N‐cadherin signaling stabilizes occludin tight junction via PI3K p110β signaling

The blood‐brain barrier (BBB) is a specialized microvasculature integral for brain tissue‐fluid homeostasis that is comprised of brain endothelial cells (BECs) and pericytes. Disruption of the BBB and subsequent vascular leakage of protein‐rich fluids is toxic to surrounding neurons and is an underlying risk factor in neurodegenerative disorders. BECs and pericytes form adhesions through the transmembrane protein Neural (N)‐cadherin. Although BEC‐pericyte interactions are critical for maintaining the BBB, the role of N‐cadherin adhesions in regulating the BBB remain unclear. Our previous work demonstrated that mutant mice lacking Cdh2 (N‐cadherin) in ECs or pericytes exhibited a size‐dependent increase in BBB permeability without affecting vessel or pericyte coverage. These findings raise the possibility that N‐cadherin junctions activate outside‐in signaling to strengthen the BBB. Analysis of tight junction (TJ) proteins occludin and claudins 1 and 5 in microvascular BECs of the cortex demonstrated a significant reduction in the accumulation of occludin, but not claudins, at TJs of KO mice. To delineate the signaling mechanism by which N‐cadherin adhesion‐mediated signaling regulates occludin TJs, we utilize biomimetic surfaces (Ncdh‐BioS) bearing covalently linked N‐cadherin extracellular domain to induce N‐cadherin adhesion in BEC monolayers in vitro . Consistent with our observations in mice, assembly of N‐cadherin junctions induced the accumulation of occludin and ZO1 at TJs in BEC monolayers.
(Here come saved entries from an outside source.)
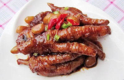 鸡爪、油、盐、姜、老抽、生抽、耗油、生粉、八角、桂皮、白醋、白糖
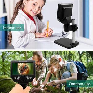🧿🔍【Adjustable Brightness Fill Light & Easy to Focus】This digital usb microscope is equipped with 8 bright LED lamp beads,with a continuous service life of 100000 hours.When the light source is insufficient, the light scroll wheel beside the screen can be adjusted to control the intensity of the LED supply light and optimize the test results. Adjusting the object close to the lens, then you can view the specimens on the 4.3 inch screen clearly by rotating the focus wheel slowly.
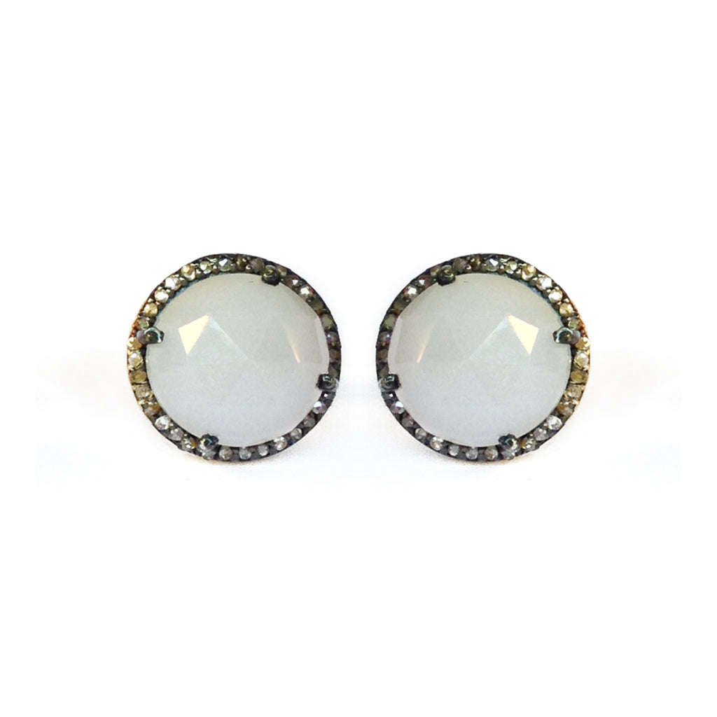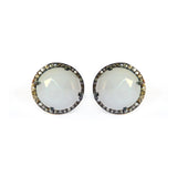 Large White Chalcedony & Diamond Stud Earrings
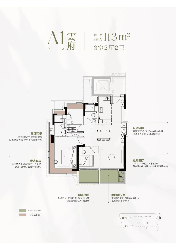 建面约113㎡3房,约170㎡东边套
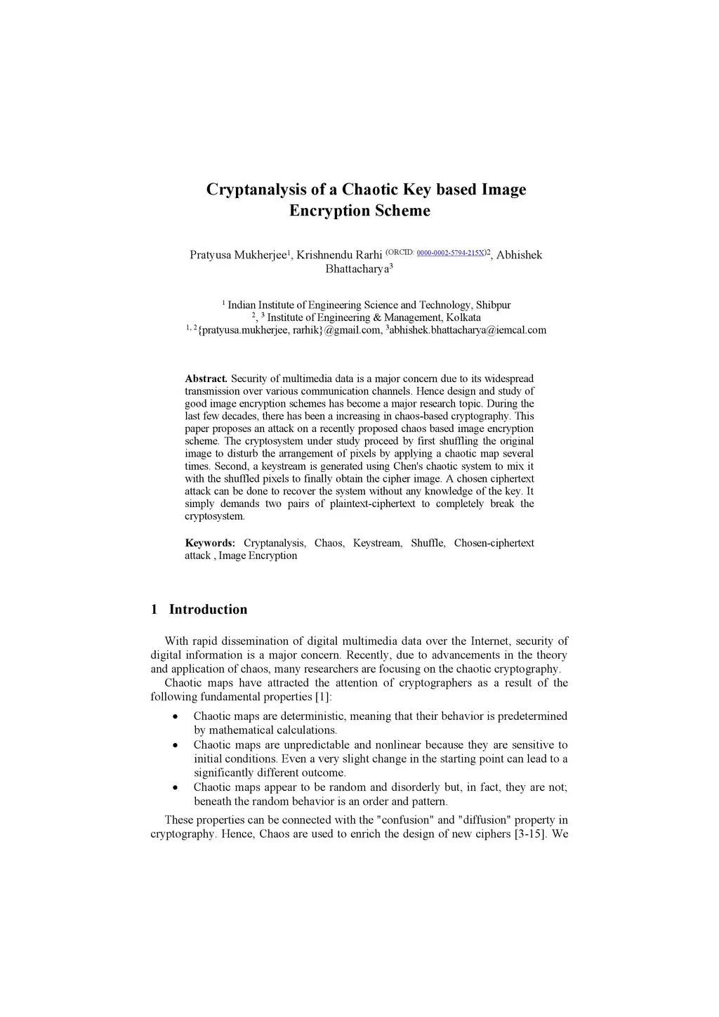 Security of multimedia data is a major concern due to its widespread transmission over various communication channels. Hence design and study of good image encryption schemes has become a major research topic. During the last few decades, there has been a increasing in chaos-based cryptography. This paper proposes an attack on a recently proposed chaos based image encryption scheme. The cryptosystem under study proceed by first shuffling the original image to disturb the arrangement of pixels by applying a chaotic map several times. Second, a keystream is generated using Chen's chaotic system to mix it with the shuffled pixels to finally obtain the cipher image. A chosen ciphertext attack can be done to recover the system without any knowledge of the key. It simply demands two pairs of plaintext-ciphertext to completely break the cryptosystem.
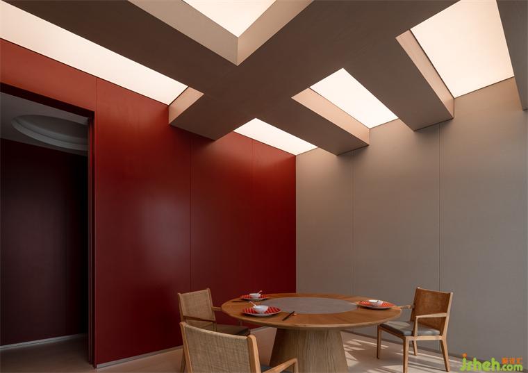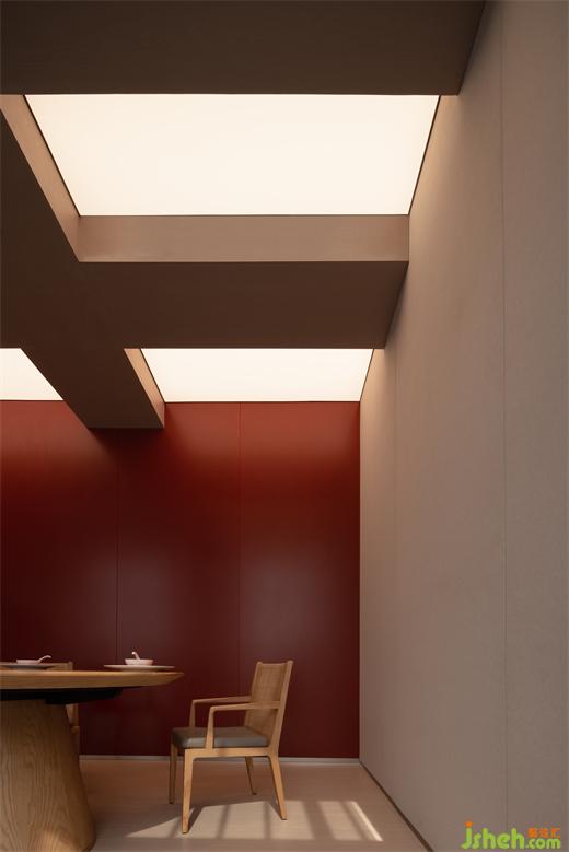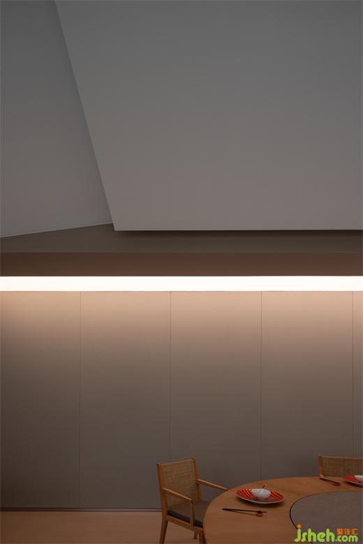 二楼进入我们视野的是前台接待与水吧功能结合的多功能服务区,深圳餐厅设计开放式的露台坐拥人间烟火,吧台顶部用当代的几何造型与手工编制的家具及户外家居编织质感的手艺进行碰撞,几何符号围合出了让人具有探索欲望的空间情境。笑看清浅流年,曲径通幽,张扬且含蓄,一场东西方美学与哲学的碰撞。

Depletion of N‐cadherin reversed these events, suggesting that N‐cadherin adhesion‐induced signaling assembles or stabilizes occludin TJs. Analysis of occludin‐Dendra 2 kinetics revealed decreased internalization rates of occludin from TJs in BECs grown on Ncdh‐BioS as compared to collagen, suggesting that N‐cadherin signaling stabilized occludin TJs. Furthermore, formation of N‐cadherin adhesion complexes led to activation of phosphoinositide 3‐kinase (PI3K) signaling as evidenced by the spatial redistribution of Akt to the plasma membrane as well as Akt phosphorylation. Pharmacological inhibition of class I PI3K with Copanlisib or depletion of PI3K p110β, but not of other PI3K catalytic isoforms, abolished Akt activation and increased the rate of occludin internalization from TJs in BECs grown on Ncdh‐BioS. Cumulatively, these data demonstrates that N‐cadherin outside‐in signaling strengthens the BBB by stabilizing occludin TJs through PI3K p110β signaling.